Mas o fato é que esse acerto na ordem de prioridades das coisas na vida está profundamente ligado àquilo que desejamos. Cada objeto de nossos desejos representa um tesouro, uma pérola valiosa. Passamos a vida procurando pérolas, pérolas finas, pérolas preciosas.

Há pessoas que têm uma vida afetiva confusa e tentam relacionar-se intimamente com muitas pessoas, simultaneamente. Todavia, em geral, a intimidade que alcançam com elas não é mais do que a do nível físico. No dia em que uma pessoa dessas encontra alguém cuja alma une-se à sua e descobre-se numa relação em que a intimidade alcança e ultrapassa o nível das emoções e atinge os lugares mais recônditos do seu ser, sua alma, seu espírito – nesse dia – são capazes de deixar cem relações superficiais, ou até mais, para usufruírem uma única – intensa e intimamente. Trata-se de alguém que achou uma fina pérola, de grande valor.

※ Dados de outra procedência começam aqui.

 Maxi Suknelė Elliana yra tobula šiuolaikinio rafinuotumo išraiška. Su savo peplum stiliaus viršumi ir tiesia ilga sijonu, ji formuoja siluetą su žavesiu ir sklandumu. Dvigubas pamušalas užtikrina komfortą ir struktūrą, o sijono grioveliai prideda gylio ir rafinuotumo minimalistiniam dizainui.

A metáfora aplica-se bem aos relacionamentos pessoais. Mas aplica-se também a todos os outros níveis de nossas vidas: carreira, pesquisas, projetos, crenças...

A parábola mencionada acima usa tal metáfora para falar de uma pérola que é mais preciosa do que qualquer outra fina pérola que já tenha vindo ocupar um bom lugar numa ordem certa nas prioridades de nossas vidas. A pérola é de todo preciosa e tão preciosa é que torna difícil dizer se a possuímos ou ela é quem nos possui. Para possuí-la ou ser por ela possuídos, seríamos capazes de entregar todas as mais finas pérolas que buscamos e adquirimos ao longo de nossas vidas: nossos relacionamentos preciosos, nossas frutíferas e dignas carreiras, nossas relevantes pesquisas, nossos projetos imprescindíveis, nossas crenças mais antigas...

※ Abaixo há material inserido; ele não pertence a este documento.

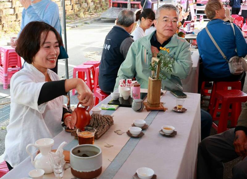 南投小半天櫻花冬筍季活動,安排茶席品茗體驗。(南投縣政府提供)

A crise, a angústia, a grande questão de todo ser humano é essa: a necessidade, o desejo de achar a pérola de grande valor. O perigo é encontrá-la e não se dar conta disso e continuar atribuindo às outras coisas um valor maior do que elas realmente têm.
Não há nada mais precioso do que encontrar a pérola de grande valor. Não há nada mais precioso do que viver conscientemente nossa posição de cidadãos do Reino do Céu, entendendo que esse é o grande tesouro, a pérola de valor inestimável.